§ **Work instructions**: Transcribe every entry that follows, word for word, and omit the images.

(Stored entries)
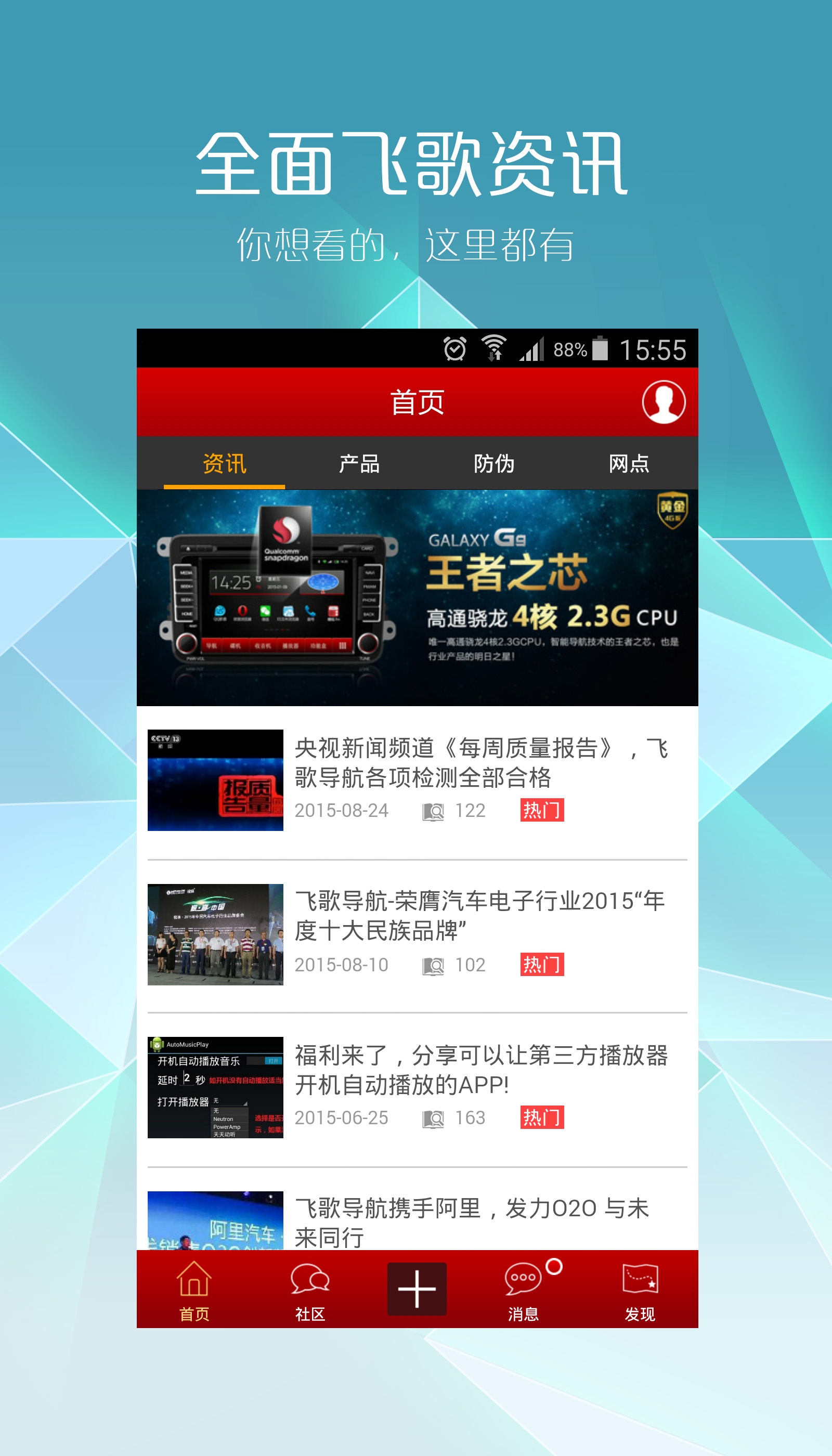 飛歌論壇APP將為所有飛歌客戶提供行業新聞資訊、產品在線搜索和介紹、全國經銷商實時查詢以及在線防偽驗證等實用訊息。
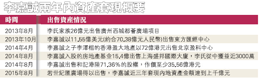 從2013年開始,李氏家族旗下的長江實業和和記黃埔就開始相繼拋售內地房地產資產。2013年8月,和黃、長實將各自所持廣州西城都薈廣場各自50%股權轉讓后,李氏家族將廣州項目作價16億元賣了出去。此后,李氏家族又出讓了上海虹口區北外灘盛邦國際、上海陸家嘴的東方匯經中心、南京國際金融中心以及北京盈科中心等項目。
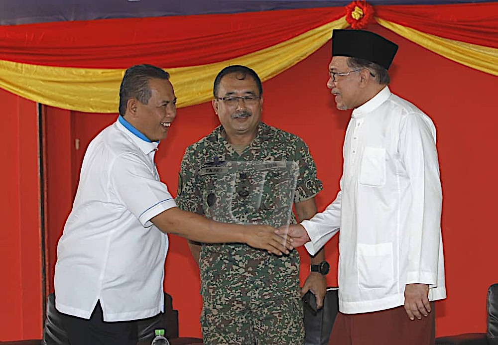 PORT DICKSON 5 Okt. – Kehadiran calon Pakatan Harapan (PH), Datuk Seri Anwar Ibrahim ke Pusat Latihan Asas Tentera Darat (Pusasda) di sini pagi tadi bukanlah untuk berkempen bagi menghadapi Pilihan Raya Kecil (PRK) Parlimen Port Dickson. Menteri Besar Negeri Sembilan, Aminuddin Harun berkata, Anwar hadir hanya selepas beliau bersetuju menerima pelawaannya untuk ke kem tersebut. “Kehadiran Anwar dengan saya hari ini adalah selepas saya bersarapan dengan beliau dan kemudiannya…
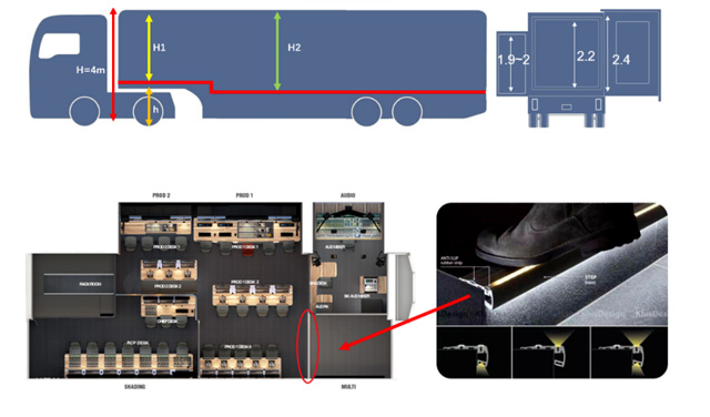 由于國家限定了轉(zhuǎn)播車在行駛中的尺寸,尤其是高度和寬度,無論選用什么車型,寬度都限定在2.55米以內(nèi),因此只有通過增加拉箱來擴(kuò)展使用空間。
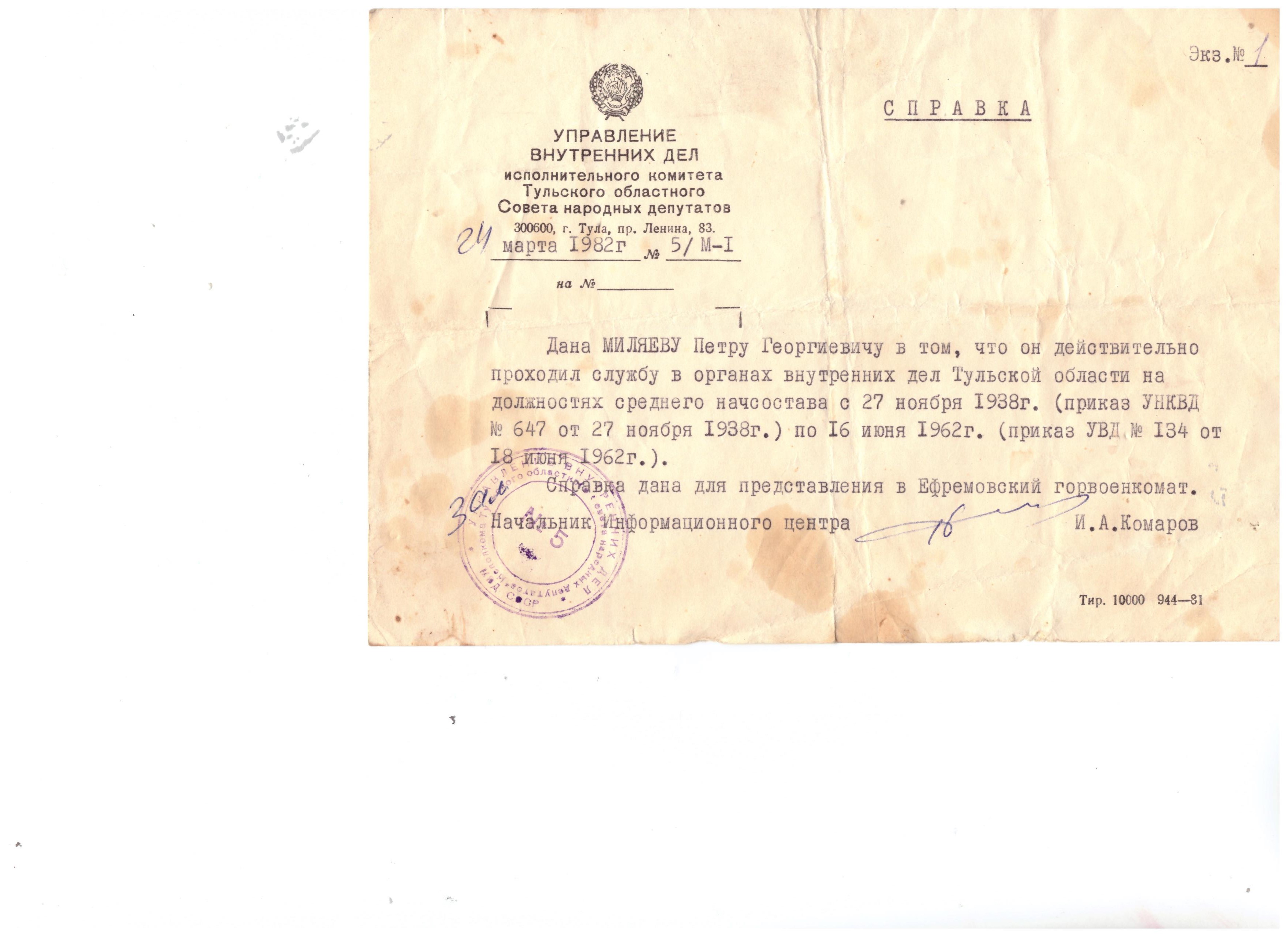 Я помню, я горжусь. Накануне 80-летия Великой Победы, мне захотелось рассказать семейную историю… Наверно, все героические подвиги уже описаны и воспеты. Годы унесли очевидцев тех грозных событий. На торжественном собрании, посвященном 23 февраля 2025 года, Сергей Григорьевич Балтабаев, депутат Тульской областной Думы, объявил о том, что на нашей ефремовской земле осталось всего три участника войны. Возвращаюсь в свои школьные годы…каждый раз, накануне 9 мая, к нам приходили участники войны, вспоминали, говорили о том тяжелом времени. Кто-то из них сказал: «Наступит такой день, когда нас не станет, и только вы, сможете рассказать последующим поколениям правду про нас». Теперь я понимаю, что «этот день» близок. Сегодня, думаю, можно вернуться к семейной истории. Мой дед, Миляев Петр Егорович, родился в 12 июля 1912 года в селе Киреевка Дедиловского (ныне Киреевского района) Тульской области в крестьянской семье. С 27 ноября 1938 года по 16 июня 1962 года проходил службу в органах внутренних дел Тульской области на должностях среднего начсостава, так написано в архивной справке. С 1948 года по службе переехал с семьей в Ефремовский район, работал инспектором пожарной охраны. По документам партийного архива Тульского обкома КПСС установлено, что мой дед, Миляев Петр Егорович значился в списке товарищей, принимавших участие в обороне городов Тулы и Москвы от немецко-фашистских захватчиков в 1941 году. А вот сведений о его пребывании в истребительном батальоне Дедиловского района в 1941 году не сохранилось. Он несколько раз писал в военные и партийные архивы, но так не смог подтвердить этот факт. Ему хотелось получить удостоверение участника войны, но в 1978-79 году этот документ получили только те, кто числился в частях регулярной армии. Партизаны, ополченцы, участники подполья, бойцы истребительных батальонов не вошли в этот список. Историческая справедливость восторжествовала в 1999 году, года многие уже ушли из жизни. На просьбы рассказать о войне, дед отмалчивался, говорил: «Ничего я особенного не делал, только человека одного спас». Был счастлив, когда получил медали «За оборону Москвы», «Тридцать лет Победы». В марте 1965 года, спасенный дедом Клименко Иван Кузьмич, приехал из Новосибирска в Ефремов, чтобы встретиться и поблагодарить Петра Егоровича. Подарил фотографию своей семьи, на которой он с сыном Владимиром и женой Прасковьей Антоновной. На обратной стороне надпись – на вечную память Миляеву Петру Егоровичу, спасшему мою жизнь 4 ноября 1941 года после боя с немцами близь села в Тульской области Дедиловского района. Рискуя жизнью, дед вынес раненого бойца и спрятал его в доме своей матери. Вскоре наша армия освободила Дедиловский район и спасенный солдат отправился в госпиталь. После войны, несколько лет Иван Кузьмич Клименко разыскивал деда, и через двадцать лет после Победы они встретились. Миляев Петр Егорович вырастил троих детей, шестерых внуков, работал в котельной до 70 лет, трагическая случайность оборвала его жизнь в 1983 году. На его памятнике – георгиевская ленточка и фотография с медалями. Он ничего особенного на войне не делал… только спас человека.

§ **Worked solution**:
 飛歌論壇APP將為所有飛歌客戶提供行業新聞資訊、產品在線搜索和介紹、全國經銷商實時查詢以及在線防偽驗證等實用訊息。
 從2013年開始,李氏家族旗下的長江實業和和記黃埔就開始相繼拋售內地房地產資產。2013年8月,和黃、長實將各自所持廣州西城都薈廣場各自50%股權轉讓后,李氏家族將廣州項目作價16億元賣了出去。此后,李氏家族又出讓了上海虹口區北外灘盛邦國際、上海陸家嘴的東方匯經中心、南京國際金融中心以及北京盈科中心等項目。
 PORT DICKSON 5 Okt. – Kehadiran calon Pakatan Harapan (PH), Datuk Seri Anwar Ibrahim ke Pusat Latihan Asas Tentera Darat (Pusasda) di sini pagi tadi bukanlah untuk berkempen bagi menghadapi Pilihan Raya Kecil (PRK) Parlimen Port Dickson. Menteri Besar Negeri Sembilan, Aminuddin Harun berkata, Anwar hadir hanya selepas beliau bersetuju menerima pelawaannya untuk ke kem tersebut. “Kehadiran Anwar dengan saya hari ini adalah selepas saya bersarapan dengan beliau dan kemudiannya…
 由于國家限定了轉(zhuǎn)播車在行駛中的尺寸,尤其是高度和寬度,無論選用什么車型,寬度都限定在2.55米以內(nèi),因此只有通過增加拉箱來擴(kuò)展使用空間。
 Я помню, я горжусь. Накануне 80-летия Великой Победы, мне захотелось рассказать семейную историю… Наверно, все героические подвиги уже описаны и воспеты. Годы унесли очевидцев тех грозных событий. На торжественном собрании, посвященном 23 февраля 2025 года, Сергей Григорьевич Балтабаев, депутат Тульской областной Думы, объявил о том, что на нашей ефремовской земле осталось всего три участника войны. Возвращаюсь в свои школьные годы…каждый раз, накануне 9 мая, к нам приходили участники войны, вспоминали, говорили о том тяжелом времени. Кто-то из них сказал: «Наступит такой день, когда нас не станет, и только вы, сможете рассказать последующим поколениям правду про нас». Теперь я понимаю, что «этот день» близок. Сегодня, думаю, можно вернуться к семейной истории. Мой дед, Миляев Петр Егорович, родился в 12 июля 1912 года в селе Киреевка Дедиловского (ныне Киреевского района) Тульской области в крестьянской семье. С 27 ноября 1938 года по 16 июня 1962 года проходил службу в органах внутренних дел Тульской области на должностях среднего начсостава, так написано в архивной справке. С 1948 года по службе переехал с семьей в Ефремовский район, работал инспектором пожарной охраны. По документам партийного архива Тульского обкома КПСС установлено, что мой дед, Миляев Петр Егорович значился в списке товарищей, принимавших участие в обороне городов Тулы и Москвы от немецко-фашистских захватчиков в 1941 году. А вот сведений о его пребывании в истребительном батальоне Дедиловского района в 1941 году не сохранилось. Он несколько раз писал в военные и партийные архивы, но так не смог подтвердить этот факт. Ему хотелось получить удостоверение участника войны, но в 1978-79 году этот документ получили только те, кто числился в частях регулярной армии. Партизаны, ополченцы, участники подполья, бойцы истребительных батальонов не вошли в этот список. Историческая справедливость восторжествовала в 1999 году, года многие уже ушли из жизни. На просьбы рассказать о войне, дед отмалчивался, говорил: «Ничего я особенного не делал, только человека одного спас». Был счастлив, когда получил медали «За оборону Москвы», «Тридцать лет Победы». В марте 1965 года, спасенный дедом Клименко Иван Кузьмич, приехал из Новосибирска в Ефремов, чтобы встретиться и поблагодарить Петра Егоровича. Подарил фотографию своей семьи, на которой он с сыном Владимиром и женой Прасковьей Антоновной. На обратной стороне надпись – на вечную память Миляеву Петру Егоровичу, спасшему мою жизнь 4 ноября 1941 года после боя с немцами близь села в Тульской области Дедиловского района. Рискуя жизнью, дед вынес раненого бойца и спрятал его в доме своей матери. Вскоре наша армия освободила Дедиловский район и спасенный солдат отправился в госпиталь. После войны, несколько лет Иван Кузьмич Клименко разыскивал деда, и через двадцать лет после Победы они встретились. Миляев Петр Егорович вырастил троих детей, шестерых внуков, работал в котельной до 70 лет, трагическая случайность оборвала его жизнь в 1983 году. На его памятнике – георгиевская ленточка и фотография с медалями. Он ничего особенного на войне не делал… только спас человека.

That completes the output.